Hadoop MapReduce Next Generation - Setting up a Single Node Cluster.
Purpose
This document describes how to set up and configure a single-node Hadoop installation so that you can quickly perform simple operations using Hadoop MapReduce and the Hadoop Distributed File System (HDFS).
Prerequisites
Supported Platforms
- GNU/Linux is supported as a development and production platform. Hadoop has been demonstrated on GNU/Linux clusters with 2000 nodes.
- Windows is also a supported platform but the followings steps are for Linux only. To set up Hadoop on Windows, see wiki page.
Required Software
Required software for Linux include:
- Java™ must be installed. Recommended Java versions are described at HadoopJavaVersions.

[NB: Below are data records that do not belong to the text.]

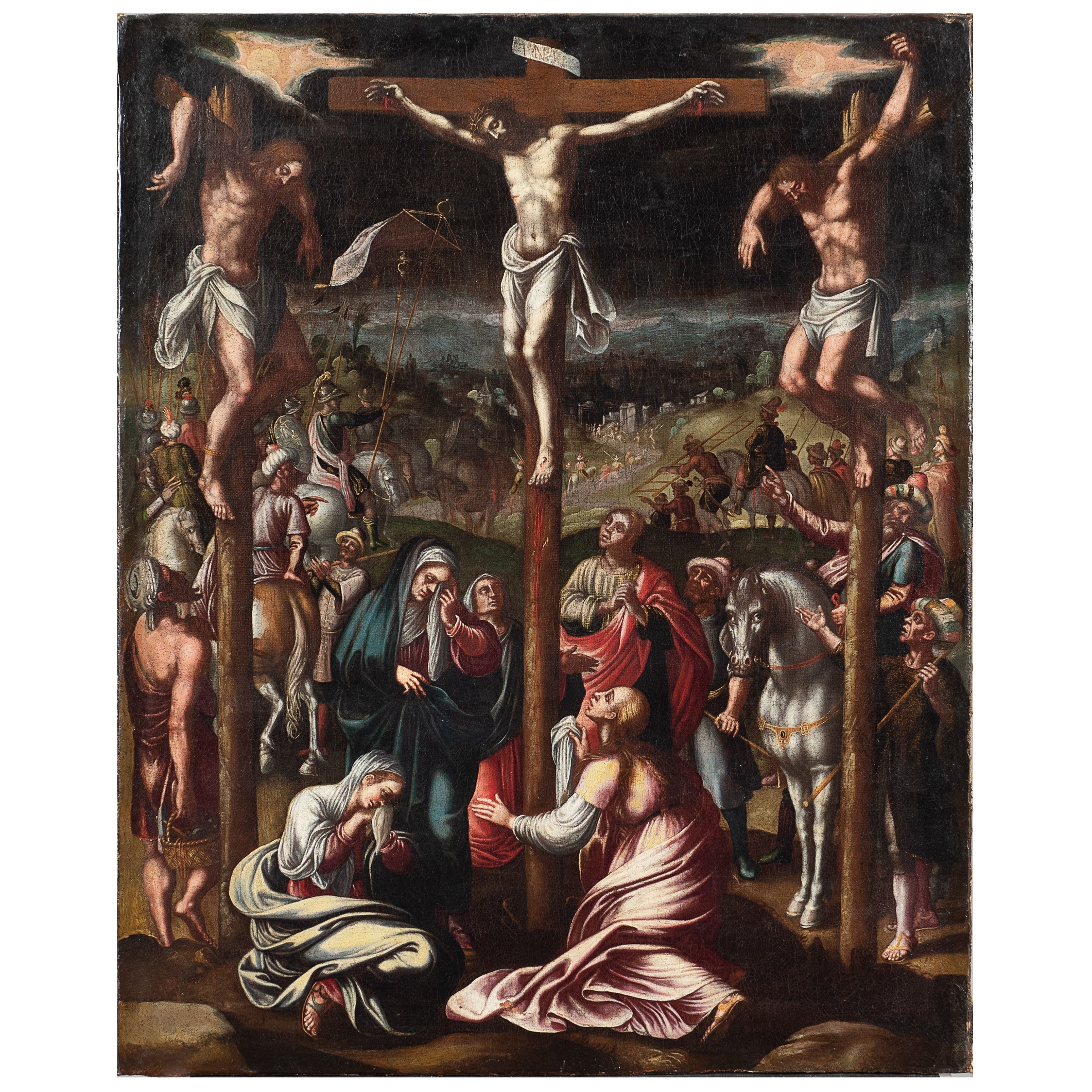 XVII Sec. Crocifissione, olio su tela, entro cornice in legno dorato
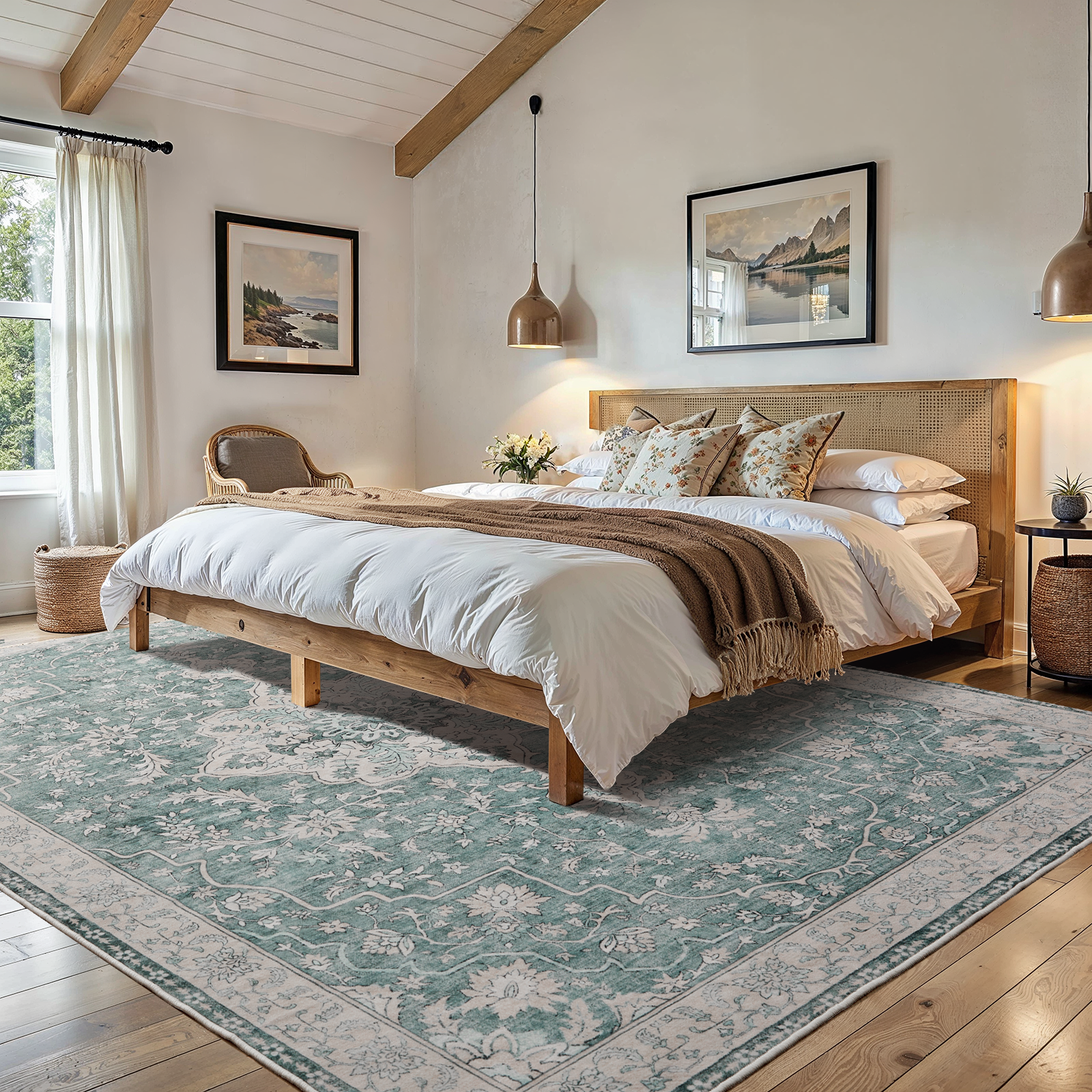 【Boho Vintage Design】Featuring a vintage floral medallion design in a versatile neutral tones, this geometric boho rug effortlessly complements any decor style. From bohemian chic to contemporary minimalism, it adds a touch of elegance and warmth to your home.
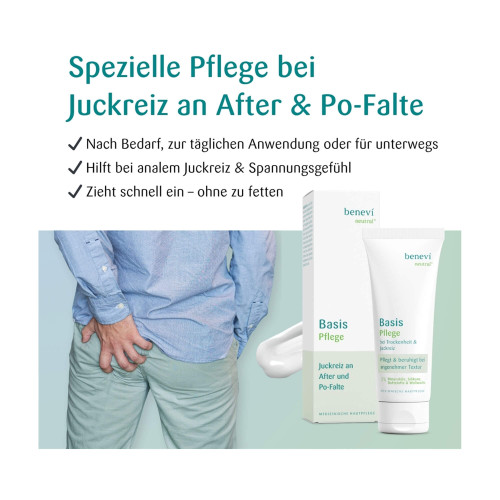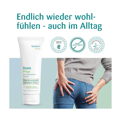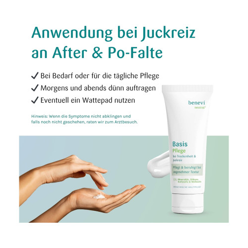 Die benevi neutral Basis Pflege wurde speziell für die tägliche Anwendung im empfindlichen Analbereich und der Po-Falte entwickelt. Sie eignet sich ideal zur Pflege bei durch Trockenheit, Reibung oder äußere Reize bedingtem Juckreiz sowie bei Neigung zu Analekzemen.

- ssh must be installed and sshd must be running to use the Hadoop scripts that manage remote Hadoop daemons.
Installing Software
If your cluster doesn't have the requisite software you will need to install it.
For example on Ubuntu Linux:
$ sudo apt-get install ssh
$ sudo apt-get install rsync
Download
To get a Hadoop distribution, download a recent stable release from one of the Apache Download Mirrors.
Prepare to Start the Hadoop Cluster
Unpack the downloaded Hadoop distribution. In the distribution, edit the file etc/hadoop/hadoop-env.sh to define some parameters as follows:
# set to the root of your Java installation
export JAVA_HOME=/usr/java/latest # Assuming your installation directory is /usr/local/hadoop
export HADOOP_PREFIX=/usr/local/hadoop
第二步不做好像没影响。
Try the following command:
$ bin/hadoop
This will display the usage documentation for the hadoop script.
Now you are ready to start your Hadoop cluster in one of the three supported modes:
Standalone Operation
By default, Hadoop is configured to run in a non-distributed mode, as a single Java process. This is useful for debugging.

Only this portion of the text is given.